Matt Morizio
Motivation vs Discipline - A Beginner’s Guide to Investing
Updated: Feb 4, 2020

Some time ago I was listening to a Tim Ferris podcast with Navy SEAL Jocko Willink, and Jocko made the powerful statement that discipline will carry you much further than motivation. It blew me away. Memories of training in the weight room, extra work with a batting tee, blocking drills, dieting, missing major family events while in season, and more flooded my mind. Finally someone put into words an opinion I’ve modeled my life after.

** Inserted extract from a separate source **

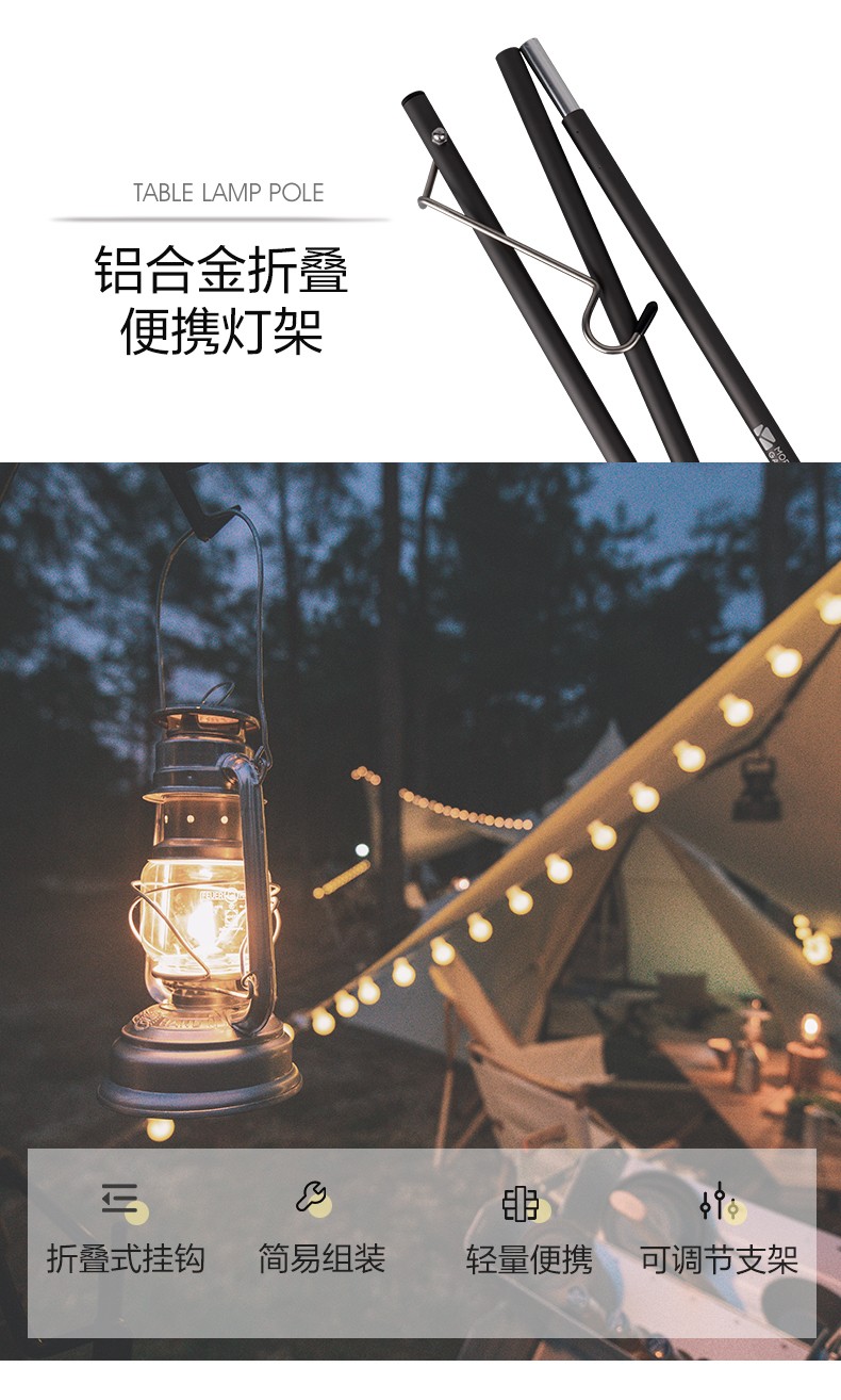 牧高笛 灯架户外露营铝合金灯架露营灯杆可折叠轻量便携照明灯架支架 悬挂灯架NX21671028

Did I want to go to the ballpark every day? Absolutely not. Was I motivated to push myself during every workout? Nope. How about blocking extra balls in full catcher’s gear in the middle of a midwest-summer heatwave? No thanks. But I did it anyway. It was discipline that carried me through those days, not motivation.
How does that relate to investing?
If you’re waiting for a podcast or book to change your heart and motivate you to invest in the stock market, you’ll be watching from the sidelines for a long, long time. If you’ve never invested before, you’re not alone, but there’s no magic entry point. If I can get all Gary V on you, you just have to “do.”
Here’s what I recommend. Start deferring money to your employer sponsored 401k or 403b plan. Immediately.
If your company doesn’t have a retirement plan, open an online brokerage account (Schwab, Fidelity, TD, E*Trade, RobinHood, etc), buy an S&P 500 ETF (Exchange Traded Fund), which is a fund that rises and falls with the S&P 500 index, and automatically wire money from your paycheck every month so you never even see the money. It doesn’t matter if it is just $50/month. The point is you are creating a discipline to systematically invest your money.
Ok, I have to say this. Knowing what I know and how we invest at Beck Bode, I don’t actually recommend an ETF. I recommend opening a brokerage account with us. Let us set up your automatic withdrawals and invest on your behalf. I know how closely we watch our clients’ accounts and how good we are at what we do. It is hard to replicate that on your own. Historically speaking, however, over a 5+ year time horizon the S&P 500 will treat you fine, just don’t lose that discipline and pull out of the market during hard times.
Don’t look for motivation when you are losing money. Just as discipline helps you start investing, it will likewise keep you invested even when the sky feels like it is falling. Motivation will be on the sidelines, exactly where you shouldn’t be.
I just finished reading Tony Robbins’ Unshakeable, and he provides some eye-opening statistics highlighting the market’s volatility and the importance of weathering the storm du jour.

Think about these stats:
On average since 1900, the market has “corrected,” or dropped between 10-20%, every year.
In that time, we have averaged a bear market (market drops by more than 20%) every three to five years.
From 1996-2015, the S&P 500’s average annual return was 8.2%.
If you pulled out of the market and held your money in cash and missed the 10 best trading days over that 20 year time, your return drops to 4.5%. That’s 10 days in 20 years, and missing them cuts your return almost in half.
If you miss the 20 best trading days, your return drops to 2.1%.
Missed the 30 best days? You lost money. Staying on the sideline for 30 days in 20 years lost you money, whereas staying in the market and weathering the storm made you 8.2%.
Six of the 10 best trading days during that time took place within two weeks of the market’s worst trading days. Did somebody say they could time the market? Didn’t think so.
If you are looking for motivation when your investment account is down, you won’t find it. If you’re trying to motivate yourself to begin investing, it won’t happen. Discipline will get you started and will keep you in the market during those 30 best trading days, which statistically we know is a much better investment decision than pulling to cash and trying to time the market.
If you remember nothing else from this article, remember this: Focus your investment strategy, and life for that matter, on being disciplined, not on being motivated.